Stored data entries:
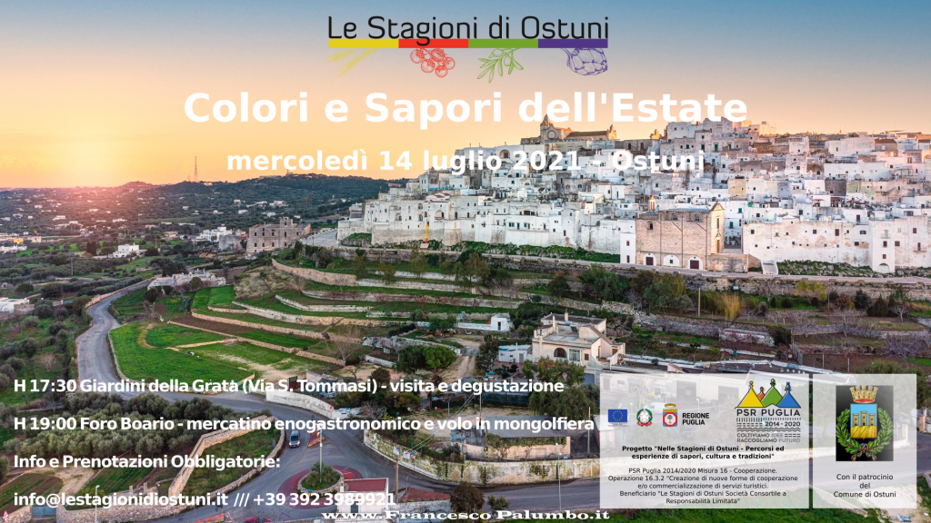 Si terrà domani, mercoledì 14 luglio, a partire dalle ore 17.30, l’evento “Colori e Sapori dell’Estate” che avrà inizio con l’accoglienza dei partecipanti presso i Giardini della Grata (Via Salvatore Tommasi – Ostuni) e con la presentazione del progetto. Seguirà una degustazione di prodotti enogastronomici tipici estivi e una visita guidata agli Orti medievali posti a ridosso delle antiche mura di difesa. Alle ore 19 è prevista l’apertura del mercatino enogastronomico presso il Foro Boario che, per l’occasione, ospiterà una mongolfiera.
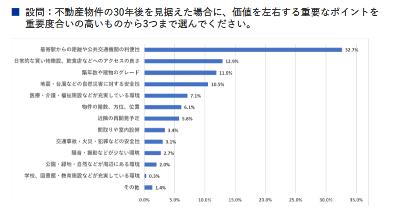 また30年後も価値が下がりにくいポイントとしては、公共交通機関へのアクセス性やお買い物施設や飲食店が近いなどの利便性を重視しているよう。
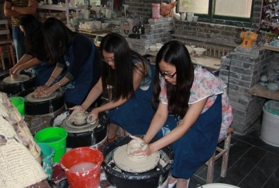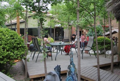 漢世?鳳凰會坐落在北京漢世陶藝館中,時至初夏,多條迷宮般的陶瓷磚墻指引您進(jìn)入別有洞天的“世外陶園”,這是考驗?zāi)腔鄣臅r刻。若是走出迷宮,穿過古樸的小木橋,踏過鋪滿陶粒的小路,眼前就會豁然開朗,里面真真一個“世外桃源”:藤蘿間掩映不住手工磚墻,連地面上也鋪裝著有趣的樹葉瓷磚,林林落落的座椅,原始的茅草屋,隨處散落的瓷器,搖曳生姿的花朵.....這一切讓人心頓時染滿綠意,從喧囂歸于平靜。在院落中央,這棟綠樹掩映中的那座玻璃房,便是我們“漢世?鳳凰會”的俱樂部。
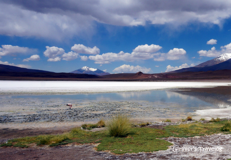 고원지대에는 하얀 호수(Laguna Blanca), 녹색 호수(Laguna Verde), 붉은 호수(Laguna Colorada) 등 색색의 호수가 있다. 호수마다 미네랄과 조류의 색이 다르기 때문이라고 한다. 하늘과 산이 내리비친 이 호수는 하얀 호수(Laguna Blanca)다. 이 높은 곳에서 소금을 원 없이 얻고 이런 색색의 호수들을 만난다는 게 신기하다.
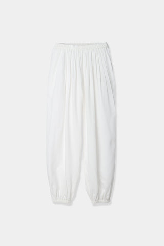 秋冬に綿地アイテムという新鮮さが、ハイレベルなスタイリングへと導くコットンボリュームパンツ。
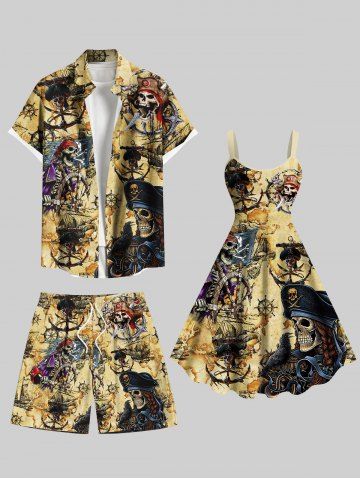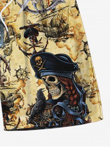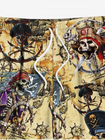 Plus Size Skull Pirate Ship Rudder Map Print Hawaii Beach Shorts For Men - Deep Yellow - 8xl
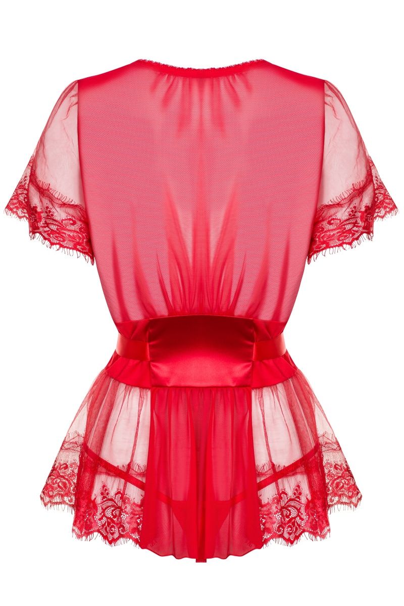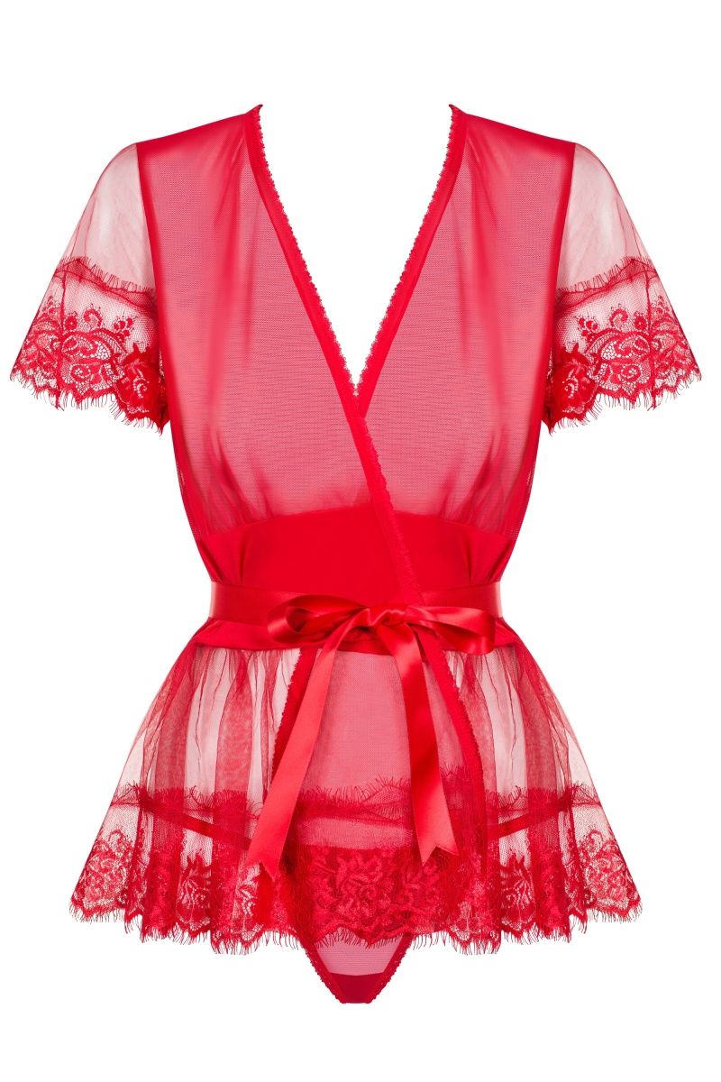 Кружевной пеньюар с атласным поясом. В комплекте: пеньюар и трусики-стринги.

§ Work instruction
With the pictures left out, copy exactly the lines above from the line containing "Plus Size Skull" through the last line of the entries.

§ Solved exercise
 Plus Size Skull Pirate Ship Rudder Map Print Hawaii Beach Shorts For Men - Deep Yellow - 8xl
 Кружевной пеньюар с атласным поясом. В комплекте: пеньюар и трусики-стринги.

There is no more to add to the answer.